I am trying to measure the runtime of the forward pass of ResNet-50 during training and during evaluation. I am running experiments on a 64-core CPU and no GPU is used. Here is the code I used.
import argparse
import time
import torch
import torch.optim as optim
import torchvision
import torchvision.datasets as datasets
import torchvision.transforms as transforms
parser = argparse.ArgumentParser()
parser.add_argument(
"--batch_size",
type=int,
default=128,
help="Batch size.",
)
parser.add_argument("--num_data", default=1024, type=int, help="Number of fake images.")

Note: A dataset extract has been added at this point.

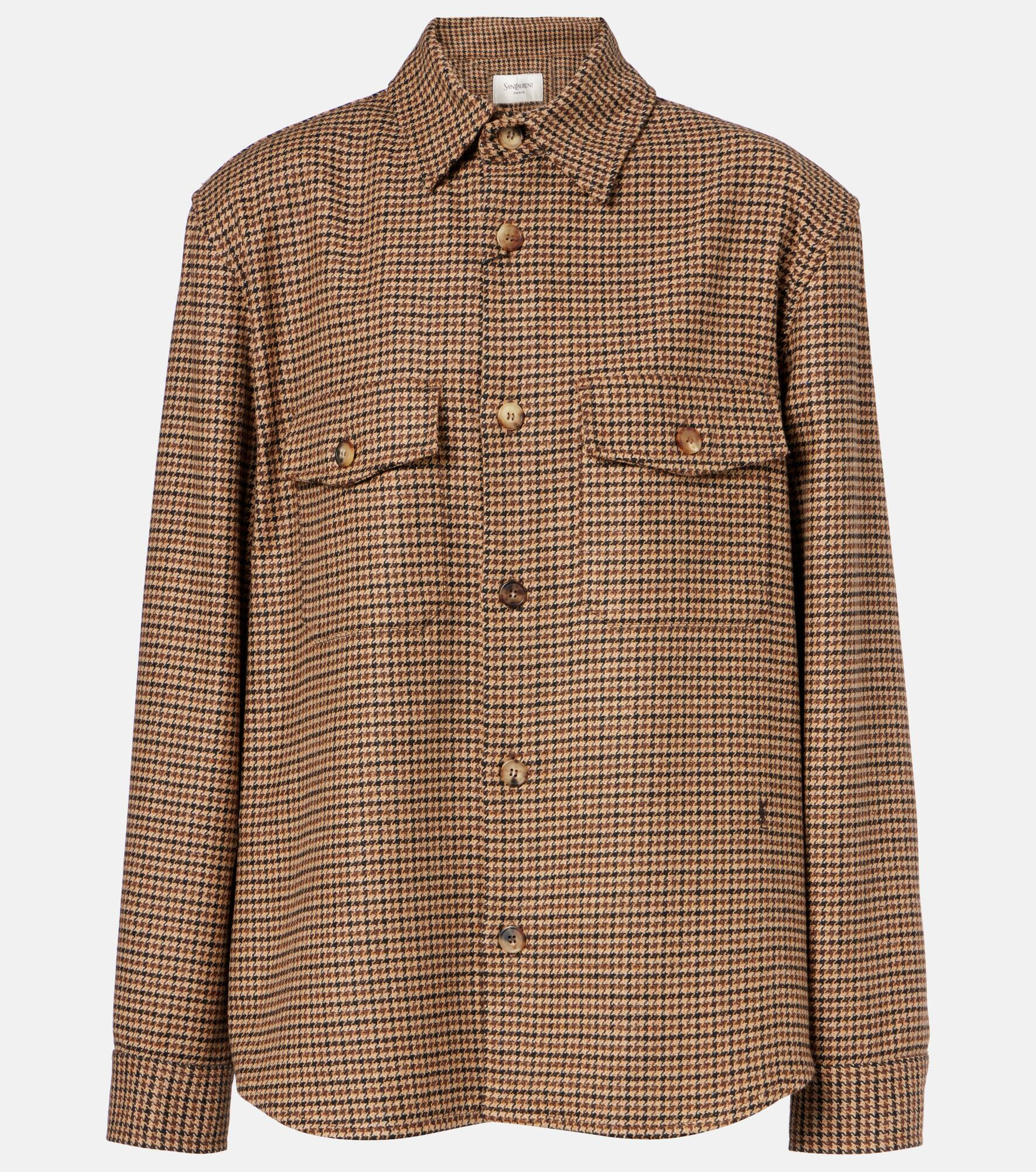 Crafted in Italy, this Houndstooth checked overshirt reflects Saint Laurent's refined Parisian aesthetic. This stylish piece features a pointed collar, single-button cuffs, shoulder pads and patch pockets with buttoned flap, offering timeless appeal. Product Details - Material: 36% wool, 31% acrylic, 23% polyester, 7% polyamide, 2% other fibres, 1% silk - Care instructions: dry clean - Made in Italy - Designer color name: Beige/Marron/Noir - Item color: brown, black - Contains non-textile parts of animal origin - Closure: buttoned front - Shoulder pads - Pockets: patch pockets - Cuff: one button - Side slits - Item number: P01078588 Size & Fit - True to size - Designed for a loose fit - Non-stretchy fabric - Falls below the hip - The model seen in the picture is 178cm-5'10" and wearing a size XS

args = parser.parse_args()
train_dataset = datasets.FakeData(
args.num_data, (3, 224, 224), 1000, transforms.ToTensor()
)
train_loader = torch.utils.data.DataLoader(
train_dataset, batch_size=args.batch_size, num_workers=1, pin_memory=True
)
test_dataset = datasets.FakeData(
args.num_data, (3, 224, 224), 1000, transforms.ToTensor()
)
test_loader = torch.utils.data.DataLoader(
test_dataset, batch_size=args.batch_size, num_workers=1, pin_memory=True
)
model = torchvision.models.resnet50(pretrained=True)

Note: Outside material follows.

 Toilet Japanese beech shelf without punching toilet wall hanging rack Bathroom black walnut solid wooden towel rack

optimizer = optim.SGD(model.parameters(), lr=0.01)
criterion = torch.nn.CrossEntropyLoss()
print("==================== Training ====================")
model.train()
for i, (images, target) in enumerate(train_loader):
optimizer.zero_grad()
start = time.time()
outputs = model(images)
end = time.time()
print(f"Train forward time: {(end - start) * 1000.0} ms")
loss = criterion(outputs, target)
loss.backward()
optimizer.step()
print("==================== Evaluation ====================")
model.eval()
for i, (images, target) in enumerate(test_loader):
with torch.no_grad():
start = time.time()
outputs = model(images)
end = time.time()
print(f"Eval forward time: {(end - start) * 1000.0} ms")

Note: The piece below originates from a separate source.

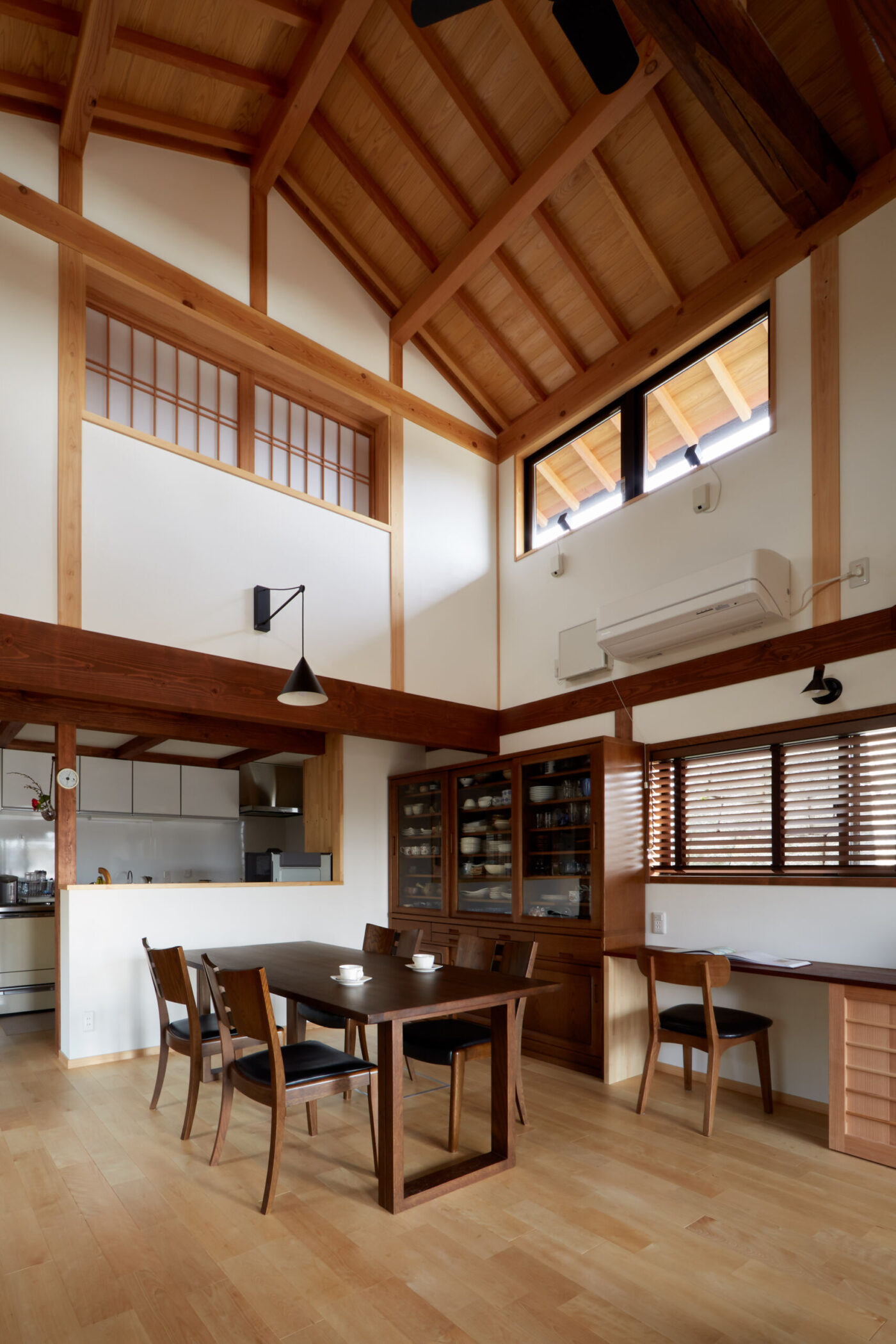 ダイニング上の吹き抜けには、二階の個室と繋がる障子の窓が。

I noticed that if I do training first then evaluation, then a forward pass during evaluation is slightly faster than a forward pass during training, which is expected. The runtimes are shown below.
==================== Training ====================
Train forward time: 2100.9457111358643 ms
Train forward time: 1974.3893146514893 ms
Train forward time: 1945.4665184020996 ms
Train forward time: 1943.62211227417 ms
Train forward time: 1888.5083198547363 ms
Train forward time: 1859.039068222046 ms
Train forward time: 1811.948537826538 ms
Train forward time: 1805.4358959197998 ms
==================== Evaluation ====================
Eval forward time: 2370.067834854126 ms
Eval forward time: 2061.3937377929688 ms
Eval forward time: 1844.5143699645996 ms
Eval forward time: 1753.0148029327393 ms
Eval forward time: 1701.3907432556152 ms
Eval forward time: 1688.025712966919 ms
Eval forward time: 1813.1353855133057 ms
Eval forward time: 1647.9554176330566 ms
However, if I do evaluation only, by commenting out the training code block, then a forward pass during evaluation will be significantly slower, and even slower than a forward pass during training.
==================== Evaluation ====================
Eval forward time: 2793.8458919525146 ms
Eval forward time: 2747.8232383728027 ms
Eval forward time: 2875.753164291382 ms
Eval forward time: 2738.5916709899902 ms
Eval forward time: 2732.877016067505 ms
Eval forward time: 2838.664770126343 ms
Eval forward time: 2783.207893371582 ms
Eval forward time: 2791.349411010742 ms
It looks like doing training first could speed up the forward pass during evaluation. How is this possible?